To address the gap between skill demand and supply, in 2015, the Centre launched the National Skill India Mission with an aim to provide the youth with the necessary skills for sustainable employment. As part of the country's fight to eliminate poverty and uplift the underprivileged youth, the government has undertaken several initiatives to provide vocational training sessions.

However, while schemes address the problem at the urban end, these programmes often fail to widen their scope of sight to include the issues the rural population is facing due to a huge demographic divide hampering their access.

The rural economy is heavily dependent on agriculture, employing over 60 per cent of the total populace, yet contributing only 20 per cent to the national gross domestic product (GDP). This dependency on agriculture, coupled with lack of employment opportunities in the sector in compliance with the upcoming technological advances in the industry, act like fuel to the fire of rural poverty and migration.

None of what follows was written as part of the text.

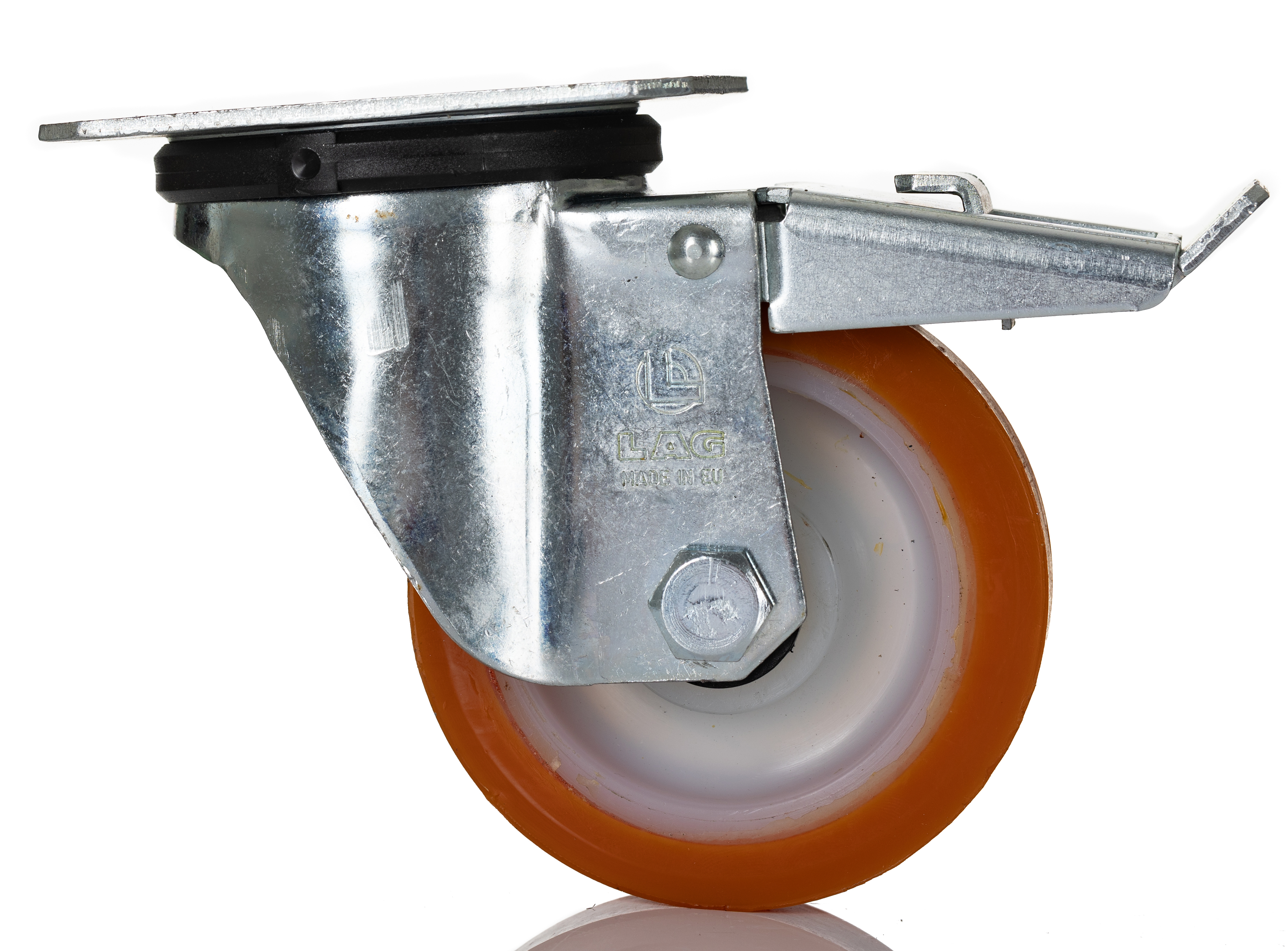 This is Swivel Castor 20029 FR 200kg manufactured by LAG. The manufacturer part number is 20029 FR. The product is available in plate configuration. Allows braked swivel rotation.

Skilling rural youth is the key to combatting the issue of development in both farming and non-farm employment sector.

Back to the fields

A big economic opportunity for India lies in creating trained and competent manpower out of the nearly 68 percent of India's total rural youth population to capitalise on its demographic dividend. However, due to lack of quality trainers and high focus on only academics, vocational training and skill development takes a backseat in these areas, so much so that about 93.7 per cent of youth had not received any vocational training in 2017-18.

Lack of transport facilities to training institutes which are mostly located in the nearest small towns make them inaccessible to most, especially women. This leads to the rural youth migrating to bigger cities, shunning the country's largest employment providing sector: agriculture. There is an urgent need to skill literate rural youth and change the perception of agriculture being deemed unprofitable and laborious.

The emerging technological opportunities linked to agri-extension services, food processing and agri-based ecommerce are expected to have several employment openings in the coming years. This requirement can be fulfilled by the introduction of specialized courses in these fields. By creating awareness and providing training, rural youth can achieve fulfilling careers.

In order to address the substantial challenges facing the labour market today, it is paramount that governments design a cohesive blueprint that ensures a holistic coming together of education providers, skills, workers and employers.

Making Indian agriculture profitable is the need of the hour, not only to attract investments but also to retain the second or third generation farmers who are at the crossroads of quitting the sector and migrate to bigger cities to make ends meet. It is about time the country formulates policies that enhance agricultural productivity by way of skilling the rural youth to solve the issue of unemployment.

For this, supporting farmers by de-risking their income sources and giving them the right price for their produce by skilling them to ace the technological advancements to make time and cost consuming traditional agri-practices more economic and efficient. Providing practical skills in managing warehouses, logistics and crop-yielding techniques as part of skill training is pivotal to save the rural youth from the increasing commercialization of farming and create a new stream of employment opportunities for them.